I've been playing the Harry Potter games since the PS1 and absolutely love the Zelda inspired games for the system and the RPG's for the GameBoy Color. PS1 Hagrid an all. When the games moved to the PS2 they were better, but never felt as polished and often times felt short. Where I lost interest was the DS game for Goblet of Fire and the Trophy folder games on PS3. I saw my sister play them, but even she just sticks with the early PS1 and 2 games.

So while I've not played them in a while I can say I've seen Hogwarts from when consoles could first render it. To when it could render it well.

I know I've been in the future for a while now. But the little kid inside of me never realized it until I was walking from Hogwarts Castle into Hogsmeade and I looked back upon Hogwarts castle. I was breath taking and beautiful.

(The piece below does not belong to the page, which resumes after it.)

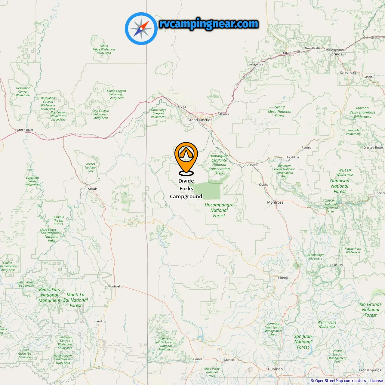 Location of Divide Forks Campground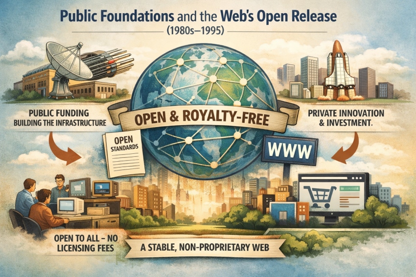The Web did not “win” because it was the only viable technical option. It won because public funding built the underlying infrastructure, and open licensing removed barriers for companies to invest. Once the Web could be implemented without royalties, private actors could confidently build products and services on top of a stable, non-proprietary foundation.

A sight I'd never thought I would ever see in my life, outside of recreations in theme parks or fan videos.

And I think that's a perfect way to describe this game, it is absolutely beautiful. Details are everywhere and a lot of attention was given to everything you will look at. Whether it's Hogwarts or Hogsmeade, a Dragon Fighting Tent or the Forbidden Forest. The game is a visual feast especially for long time fans of the series.

However to get to that point, you'd need to get through some of the more... unpolished aspects of the game. Combat.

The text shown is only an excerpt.